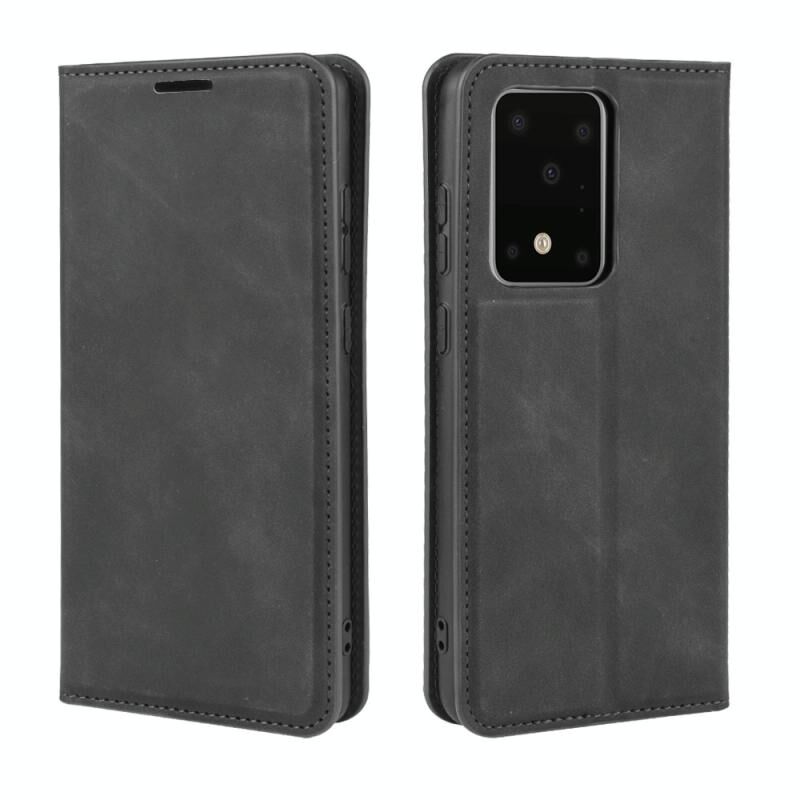 Για Galaxy S20 Ultra Retro-skin Business Μαγνητική δερμάτινη θήκη αναρρόφησης με θήκη & υποδοχές καρτών & πορτοφόλι (Μαύρο)
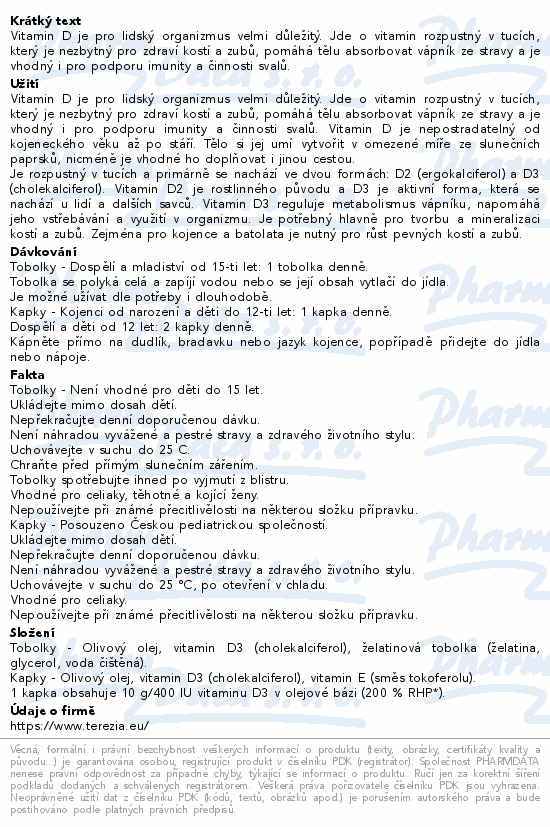 Složení Terezia Vitamin D3 400 IU: olivový olej rafinovaný, vitamin D3 (cholekalciferol), stabilizátor: směs tokoferolu.
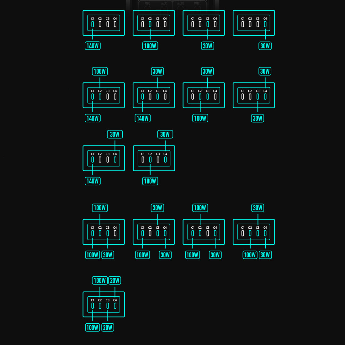 C3 Output: 5V/9V - 3A, 12V - 2.5A, 15V - 2A, 20V - 1.5A (30W Max)
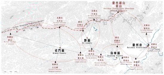 In the construction of Zhenshan and urban metaphorical constrained worship space, urban site selection and urban axis shaping are two main approaches based on the Zhenshan system. In terms of urban site selection, some cities imitate the national five Yueshan and four Zhenshan, selecting one Zhenshan from each of the city’s multiple directions, forming a phenomenon of multiple Zhenshan. The city site selection is surrounded by the Zhenshan, strengthening the political metaphor of “seeking correction in the middle” and “connecting the god in the middle”. For example, Huizhou prefecture 徽州府 and its counties are all attached to the Huang Mountains 黃山, and most of them are in a multi-Zhenshan pattern. In Huizhou prefecture, Xiuning County 休寧縣, Yi County 黟縣, and Qimen County 祁門縣, each city is located in the relative center of the multi-Zhenshan, forming a spatial pattern of “city–mountain” worship built by the multi-Zhenshan (Figure 7).
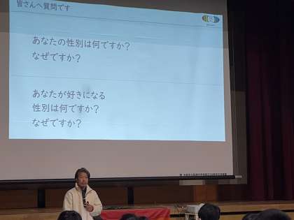 5.6時間目に2年生で性教育が行われて、講師をお招きしてLGBTQについての内容を講演していただきました。性についての多様な価値観を学習するとともに、すべての人が安全に生活ができる社会を目指していく必要性をお話しされました。
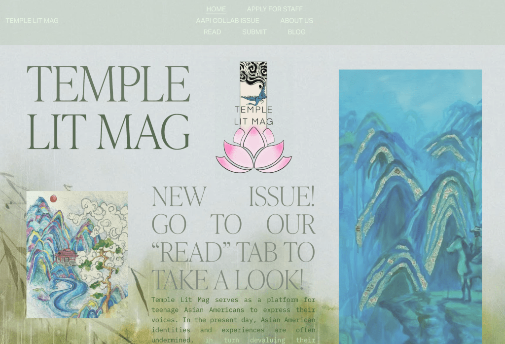 Many of the experiences I faced made me struggle with my mental health because as a little girl, I didn’t realize that I wasn’t being punished for being a bad kid. I was being treated unfairly because of my ethnicity. Hearing stories from my friends made me realize that there is so much stereotyping and hardships Asian Americans go through, but they don’t know who to tell. I created Temple Lit Mag so Asian Americans know that they have a safe space to show their writing to, as well as showcasing their works to the world to amplify their voices.
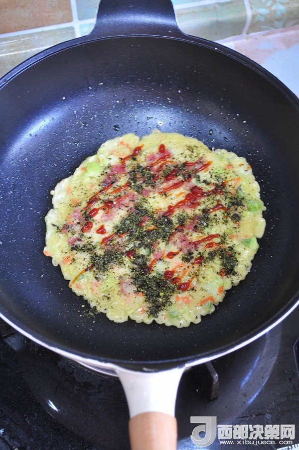 “大阪燒是一種日式蔬菜煎餅,有些地區(qū)根據(jù)日文漢字的寫法,也叫做“御好燒”,為日本關(guān)西的一種民間美食,也是大阪飲食文化的代表。由于外觀的關(guān)系,也有人稱大阪燒為“日本式比薩餅”,可以說放上去的食材,并沒有特殊規(guī)定,一般是自己想吃什么就放什么。吃膩了中式的雞蛋薄餅,換個(gè)口味也別俱一格。做這個(gè)頂重要的是,一定要用不粘鍋,不然想翻面的時(shí)候,底部巴鍋底不動(dòng),而且還容易上面的沒熟,下面的已經(jīng)糊了。”
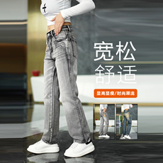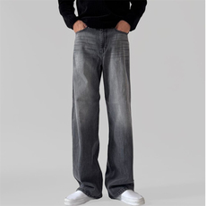 美式经典简约灰色牛仔裤男春秋款直筒宽松大码潮流休闲裤男款裤子
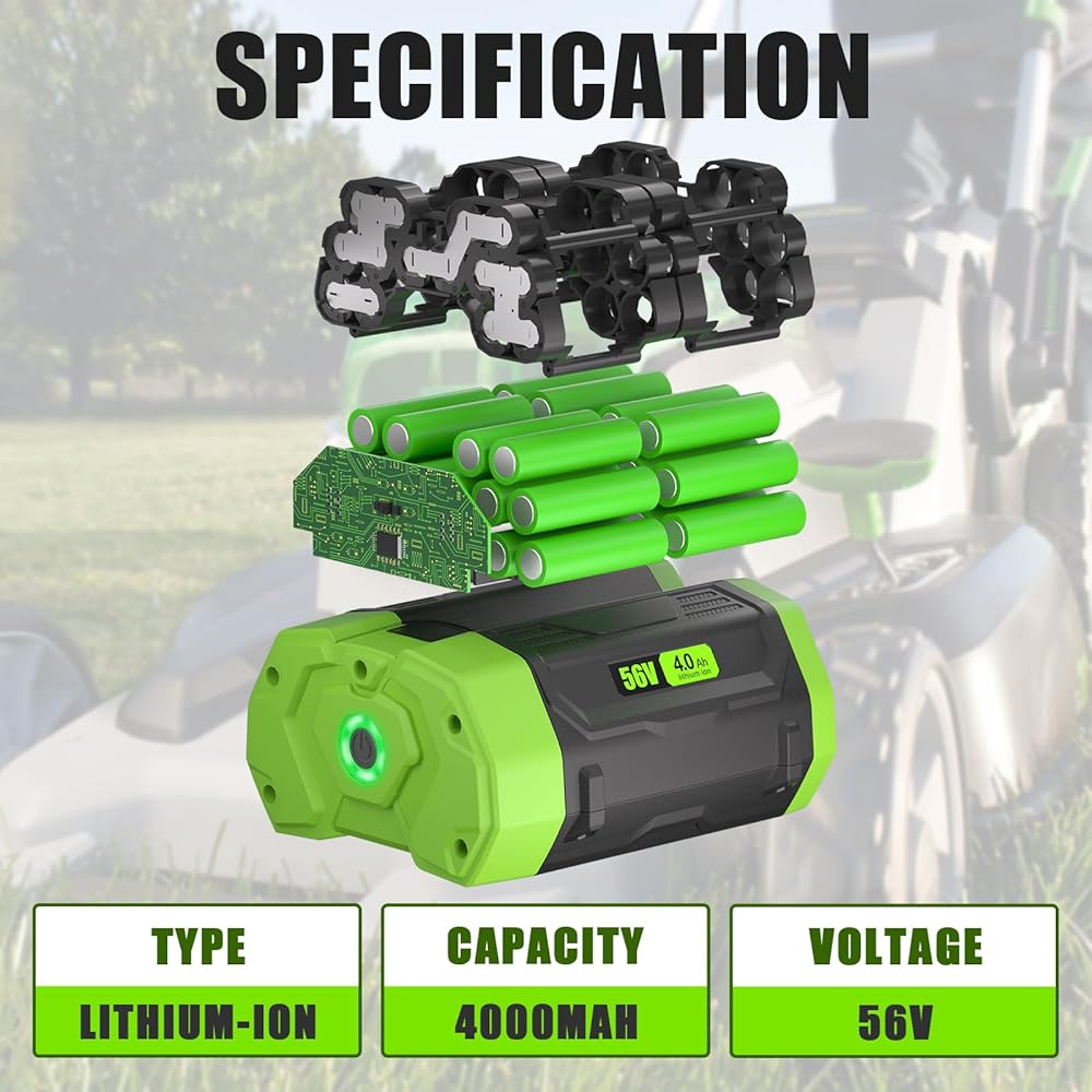 ✔【Battery Specifications】Type: Lithium-ion | Voltage: 56V | Capacity: 3500mAh | Watt: 196W | Pack: 1 Pack,Delivers up to 2X the run time than EGO 56V 2.5Ah battery.
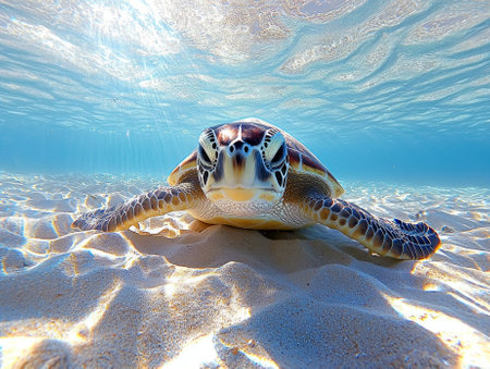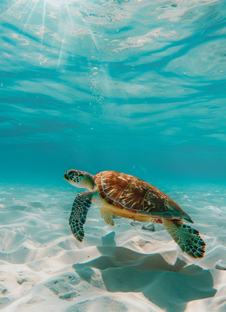peaceful scene unfolds as sea turtle glides effortlessly sandy ocean floor bathed sunlight filters water highlighting beauty marine life.
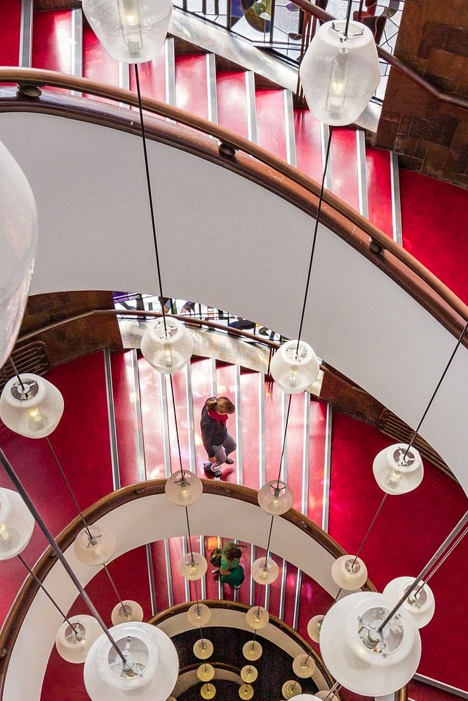 Spiral staircase in the stairwell at the college's main location in Rotterdam in Museumpark! A look down from the top floor! With the beautiful stained-glass windows in the background! One of the most beautiful spiral staircases in the Netherlands!
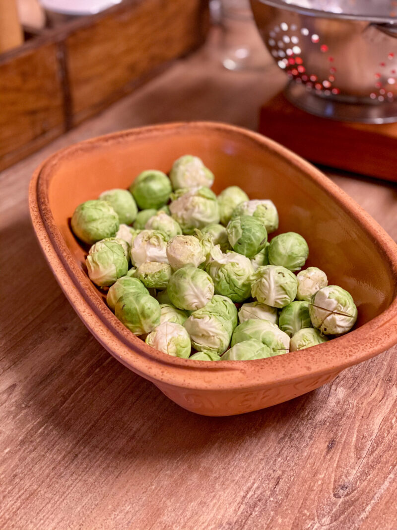 Den Strung der Rosenkohlröschen ein Stück mit einem kleinen Messer abschneiden. Welke, bzw. unschöne Blätter entfernen. Die Strungseite über kreuz etwas einschneiden und so mit den anderen Röschen verfahren. Diese Arbeit bleibt einem leider auch nicht bei der Zubereitung in einem Römertopf erspart. 🙂 In der Zwischenzeit den Deckel des Römertopfes wässern.
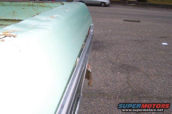 left side of bed. Notice dents on bed rail and the chrome side moulding is seperating from the bed. There is 2 or 3 broken clips under it there. You can pop it back down and it will stay there for a month or two
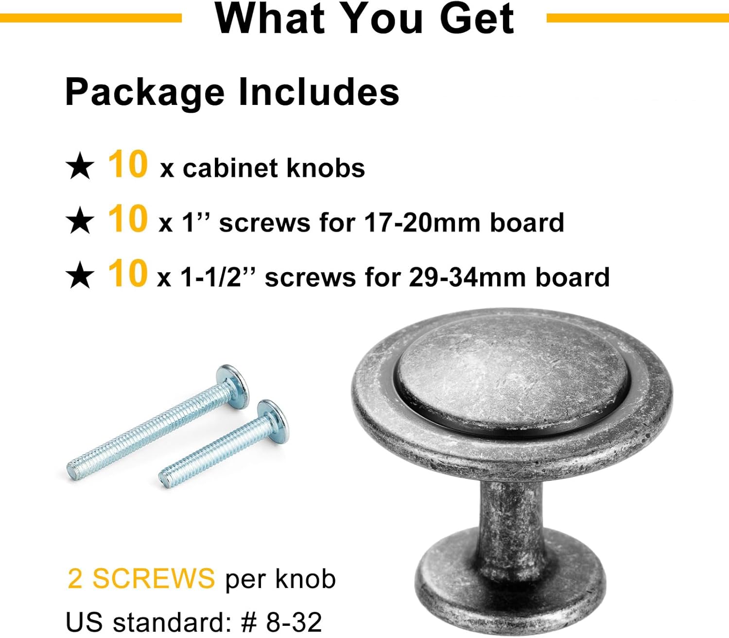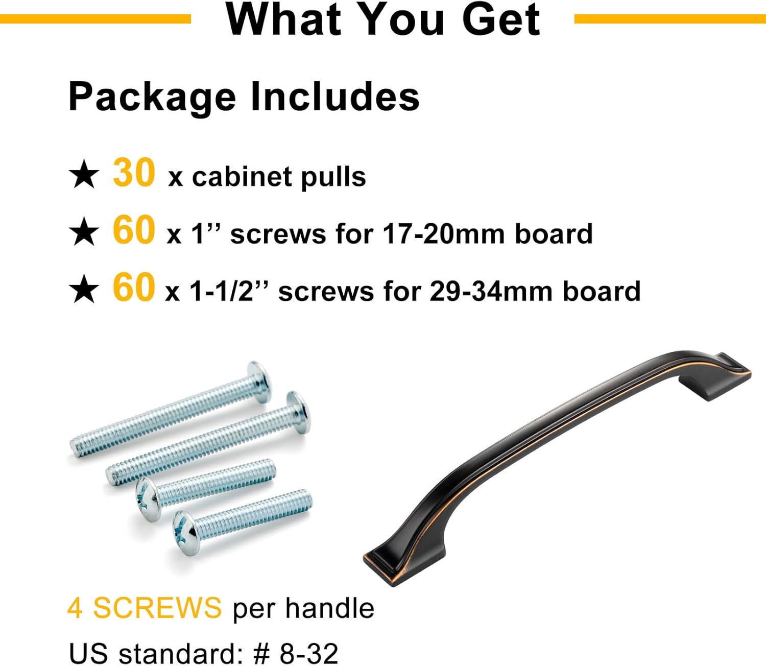 • [Two sizes of screws provided]: Each pull comes with 2 sizes of 8-32 screws (1 inch & 1-1/2 inch) which fit most cabinet doors and drawers.
::::::::::
▸ **TASK PROMPT**: Leaving every picture out, write out exactly the lines from the one that holds "美式经典简约灰色牛仔裤男春秋款直筒宽松大码潮流休闲裤男款裤子" through the end of the listing, both included.

▸ **WRITTEN ANSWER**:
 美式经典简约灰色牛仔裤男春秋款直筒宽松大码潮流休闲裤男款裤子
 ✔【Battery Specifications】Type: Lithium-ion | Voltage: 56V | Capacity: 3500mAh | Watt: 196W | Pack: 1 Pack,Delivers up to 2X the run time than EGO 56V 2.5Ah battery.
peaceful scene unfolds as sea turtle glides effortlessly sandy ocean floor bathed sunlight filters water highlighting beauty marine life.
 Spiral staircase in the stairwell at the college's main location in Rotterdam in Museumpark! A look down from the top floor! With the beautiful stained-glass windows in the background! One of the most beautiful spiral staircases in the Netherlands!
 Den Strung der Rosenkohlröschen ein Stück mit einem kleinen Messer abschneiden. Welke, bzw. unschöne Blätter entfernen. Die Strungseite über kreuz etwas einschneiden und so mit den anderen Röschen verfahren. Diese Arbeit bleibt einem leider auch nicht bei der Zubereitung in einem Römertopf erspart. 🙂 In der Zwischenzeit den Deckel des Römertopfes wässern.
 left side of bed. Notice dents on bed rail and the chrome side moulding is seperating from the bed. There is 2 or 3 broken clips under it there. You can pop it back down and it will stay there for a month or two
 • [Two sizes of screws provided]: Each pull comes with 2 sizes of 8-32 screws (1 inch & 1-1/2 inch) which fit most cabinet doors and drawers.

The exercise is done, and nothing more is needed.